For this subject, it takes a lot more than a handful of quotes to support your theory. It takes going back to before the First World War. When science fiction writers were telling stories about huge aircraft, Dirigables, or Zepplins if you like, floated over the world and rained down death and destruction. The idea that these aircraft would rule the air, and the ground below, with impunity was fixed in the minds of the populace as World War One ground on. Especially after Paris was bombed, and England.
After the First World War, Air advocates imagined the next war, and they saw airplanes which were just getting started as the First War took off, playing a major part. They imagined the war ending in a few days, or perhaps hours, because of air power. Their plan, and remember these were the people who shaped air theory, was to bomb with high explosive, incendiary, and then poison gas. You destroyed the buildings, set them ablaze, and killed the people who were trying to respond and fight the fire and save the wounded.
It was an American who argued we should not ban aircraft from war during the various conventions to set down the international laws of war. The argument was that the future would bring more precision, and that precision would make it possible to target factories, bases, and other military targets to prevent the war from grinding on in an endless meat grinder fashion.
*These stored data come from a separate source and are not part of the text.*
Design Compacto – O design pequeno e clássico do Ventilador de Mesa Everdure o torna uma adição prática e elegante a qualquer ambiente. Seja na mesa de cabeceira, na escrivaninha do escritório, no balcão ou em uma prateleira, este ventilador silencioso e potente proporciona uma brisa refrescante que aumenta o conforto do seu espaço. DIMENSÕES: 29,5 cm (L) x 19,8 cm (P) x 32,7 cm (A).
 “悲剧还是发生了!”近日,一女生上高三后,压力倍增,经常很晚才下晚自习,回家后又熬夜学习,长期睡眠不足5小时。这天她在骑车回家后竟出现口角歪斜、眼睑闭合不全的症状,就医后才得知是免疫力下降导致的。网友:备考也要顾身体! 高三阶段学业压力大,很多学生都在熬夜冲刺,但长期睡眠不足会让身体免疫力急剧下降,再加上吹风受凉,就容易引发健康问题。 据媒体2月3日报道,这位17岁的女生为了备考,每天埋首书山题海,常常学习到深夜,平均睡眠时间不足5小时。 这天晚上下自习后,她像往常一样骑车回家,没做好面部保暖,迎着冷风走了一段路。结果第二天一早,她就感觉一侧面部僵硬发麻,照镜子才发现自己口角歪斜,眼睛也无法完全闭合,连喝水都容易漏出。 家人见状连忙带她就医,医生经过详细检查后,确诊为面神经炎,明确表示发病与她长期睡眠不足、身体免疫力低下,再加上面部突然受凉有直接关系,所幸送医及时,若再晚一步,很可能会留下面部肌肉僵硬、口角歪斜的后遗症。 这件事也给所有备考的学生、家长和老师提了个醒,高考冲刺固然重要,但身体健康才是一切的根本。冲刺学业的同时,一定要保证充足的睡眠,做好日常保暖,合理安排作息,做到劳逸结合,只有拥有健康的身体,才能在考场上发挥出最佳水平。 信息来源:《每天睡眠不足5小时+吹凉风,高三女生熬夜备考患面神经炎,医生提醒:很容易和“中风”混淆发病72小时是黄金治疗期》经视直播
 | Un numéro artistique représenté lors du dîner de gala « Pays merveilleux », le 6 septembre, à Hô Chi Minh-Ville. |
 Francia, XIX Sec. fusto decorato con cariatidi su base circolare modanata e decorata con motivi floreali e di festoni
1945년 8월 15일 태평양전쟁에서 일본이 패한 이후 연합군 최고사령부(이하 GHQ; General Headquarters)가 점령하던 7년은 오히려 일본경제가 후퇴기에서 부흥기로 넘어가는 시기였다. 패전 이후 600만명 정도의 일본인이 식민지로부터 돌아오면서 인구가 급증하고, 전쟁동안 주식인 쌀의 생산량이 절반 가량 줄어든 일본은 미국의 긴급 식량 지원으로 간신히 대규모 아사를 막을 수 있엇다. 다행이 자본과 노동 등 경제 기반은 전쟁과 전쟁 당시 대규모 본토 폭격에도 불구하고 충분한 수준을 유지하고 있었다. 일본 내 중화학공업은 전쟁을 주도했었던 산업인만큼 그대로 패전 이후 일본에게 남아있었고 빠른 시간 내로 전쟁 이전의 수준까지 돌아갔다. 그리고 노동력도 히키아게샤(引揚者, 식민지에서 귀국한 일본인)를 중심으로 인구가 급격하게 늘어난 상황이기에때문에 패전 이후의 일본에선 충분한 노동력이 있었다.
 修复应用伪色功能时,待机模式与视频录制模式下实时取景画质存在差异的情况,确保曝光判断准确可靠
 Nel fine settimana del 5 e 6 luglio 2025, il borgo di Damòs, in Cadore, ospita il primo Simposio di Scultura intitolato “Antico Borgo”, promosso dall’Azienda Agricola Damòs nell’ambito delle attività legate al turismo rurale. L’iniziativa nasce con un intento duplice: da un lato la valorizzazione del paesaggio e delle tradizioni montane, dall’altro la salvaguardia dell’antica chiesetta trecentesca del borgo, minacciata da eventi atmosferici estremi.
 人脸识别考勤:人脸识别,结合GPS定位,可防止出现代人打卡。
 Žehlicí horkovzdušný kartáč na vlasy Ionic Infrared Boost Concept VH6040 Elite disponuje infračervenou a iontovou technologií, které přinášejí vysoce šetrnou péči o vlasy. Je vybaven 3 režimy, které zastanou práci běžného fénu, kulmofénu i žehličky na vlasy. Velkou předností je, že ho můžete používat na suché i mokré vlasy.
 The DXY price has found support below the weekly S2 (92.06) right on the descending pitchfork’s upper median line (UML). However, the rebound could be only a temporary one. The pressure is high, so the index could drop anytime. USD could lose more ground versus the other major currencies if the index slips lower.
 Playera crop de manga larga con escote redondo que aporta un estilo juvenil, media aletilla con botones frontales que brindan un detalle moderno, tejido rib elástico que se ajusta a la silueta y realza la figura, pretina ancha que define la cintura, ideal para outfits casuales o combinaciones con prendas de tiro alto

You always fear the boogeyman you know. For the leaders of World War II, that boogeyman was not bombs, it was trench warfare. The endless slog through the fields, where tens of thousands of lives would be spent to gain a few inches, or yards, only to have them bought back by the enemy for a similar cost. Anything was preferable to that. The war in the Trenches was so predictable that you could sit down and figure out how many men you would lose today, tomorrow, next week, next month. Like planning your bills out, you could get pretty accurate estimates about what the future held, and it was horrible.
The technology for the precision bombing that the various powers wanted to practice, just didn't exist. Half of the bombs might land within a couple miles of the target. That was with hundreds of bombers in the air. They just could not hit pinpoint targets.
But they had the bombers, and the famous Norton bomb sight. It wasn't really any better than any other bombsight, but it was our best. It was high mechanical engineering that tried to factor in the variables, and did not consider a vast majority of those variables, and the bombs being dropped were not exactly designed to be precision instruments.
It was like dropping a penny from the top of the Empire State Building and expecting to hit the awning of the building across the street from you. Eventually, if you tossed enough pennies, you would probably hit it.
One of the things they used to estimate the damage that the Atomic Bomb would create was the explosion of a munitions ship. The amount of destruction, the amount of force contained in one bomb, would be equal to the entire load of bombs in that one ship.
So the thing they want to avoid at all costs is Trench Warfare, the statement slogs of the First World War. Anything was preferable to that. The lack of precision meant that for the entire war, everyone had been bombing cities, and villages. Finally the bomb was viewed as a more powerful bomb, but another bomb for all intents.
Dan Carlin talks about much of this in his Hardcore History series, the podcast of Logical Insanity covers this in much more detail.
Now, there were no laws prohibiting it. There was no international agreement other than a vague belief that "of course you try and minimize civilian casualties" sort of thing. Of course we will, we aren't barbarians. But what is a military target?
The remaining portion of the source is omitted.